»Darf ich auch mal«, sagte der Assistent. »Mir geht da grad was durch den Kopf.«
Der Polizist nickte gemessen, als Zeichen, dass Karlsen den Beutel auch mal anfassen durfte. Gnädigerweise.
»Verflixt«, platzte Karlsen aufgeregt heraus. »Fällt Ihnen was auf? Die sind warm!«
Das mussten die anderen natürlich sofort nachprüfen.
»Eigenartig«, sagte Moe. »Ich glaube fast, Sie haben Recht.« Er blickte verwirrt zum Doktor. »Was bedeutet das?«
»Das bedeutet, dass wir sofort Hammerfest anrufen müssen«, erklärte Frihagen. Nach der großen Umstrukturierung 2002 war der Polizeipräsident von Hammerfest der offizielle Repräsentant des polizeilichen Sicherheitsdienstes in West-Finnmark. »Einverstanden, Karlsen?«
Der Assistent nickte ernst.
»Wenn ich das, was ich im letzten Jahr im Kurs zur Proliferation gelernt habe, nicht falsch verstanden habe, enthält dieser Beutel einen der begehrtesten Giftstoffe, die wir kennen.
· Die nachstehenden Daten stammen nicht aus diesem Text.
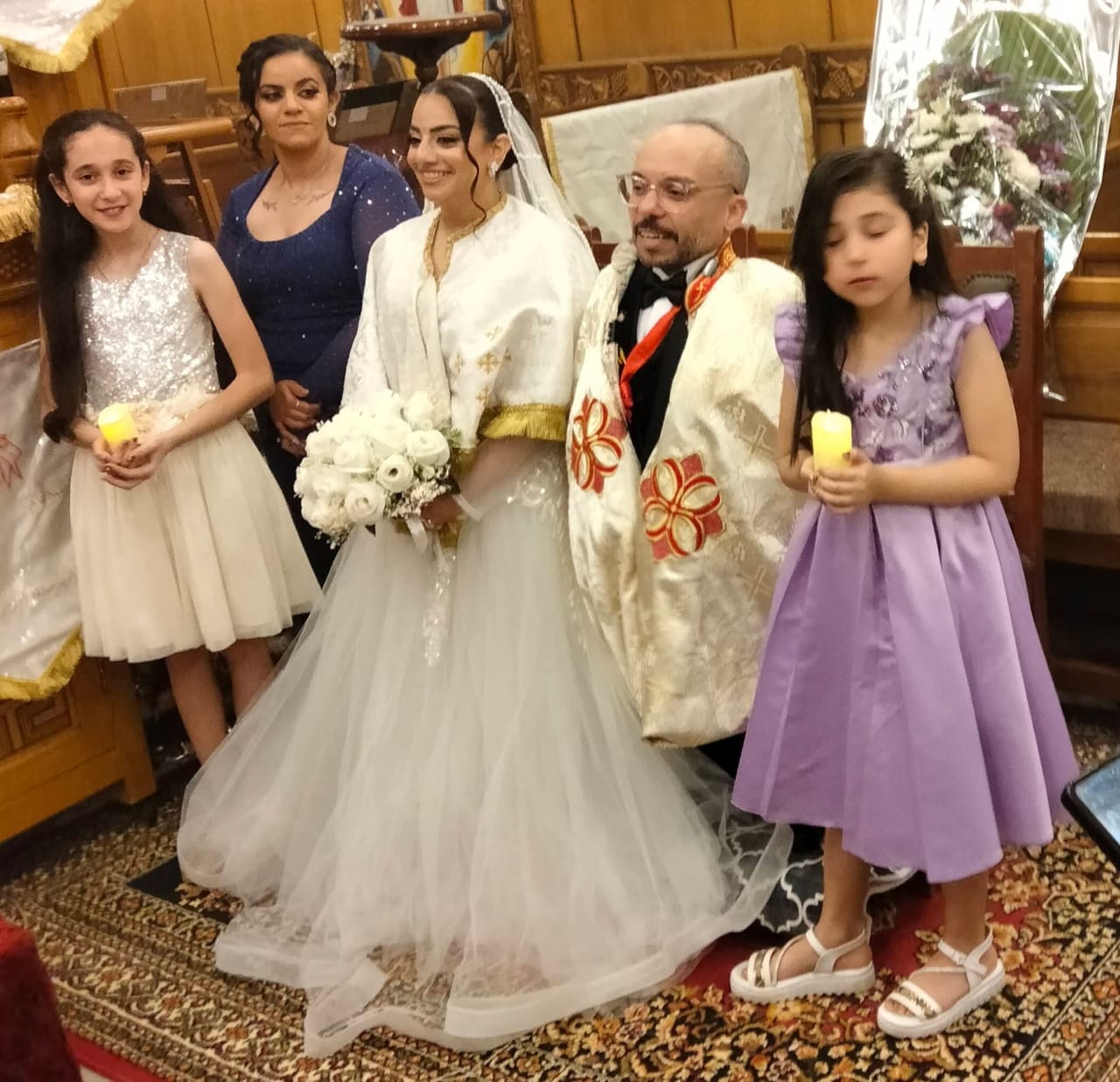 وأُقيمت مراسم الزواج وفق الطقوس الدينية الكنسية بحضور كهنة وأساقفة كنيسة بنها، حيث التزم العروسان بإتمام الإجراءات الدينية وسط أجواء هادئة، دون حضور فني أو مشاركة من أصدقاء الفنان من الوسط الفني، في اختيار يعكس رغبة الطرفين في الاحتفال بعيدًا عن الأضواء والاكتفاء بالطابع العائلي البسيط في مسقط رأس العريس.

Im Gegensatz zur allgemein verbreiteten Meinung ist es nicht gefährlich, mit dem Stoff in Berührung zu kommen. Schlucken ist sehr viel gefährlicher. Aber der wahnsinnige Marktwert dieses Stoffes hat nichts damit zu tun, dass es sich um Gift handelt.«
»Sondern?« Moe kam offensichtlich nicht ganz mit.
Sein Assistent klopfte ihm auf die Schulter.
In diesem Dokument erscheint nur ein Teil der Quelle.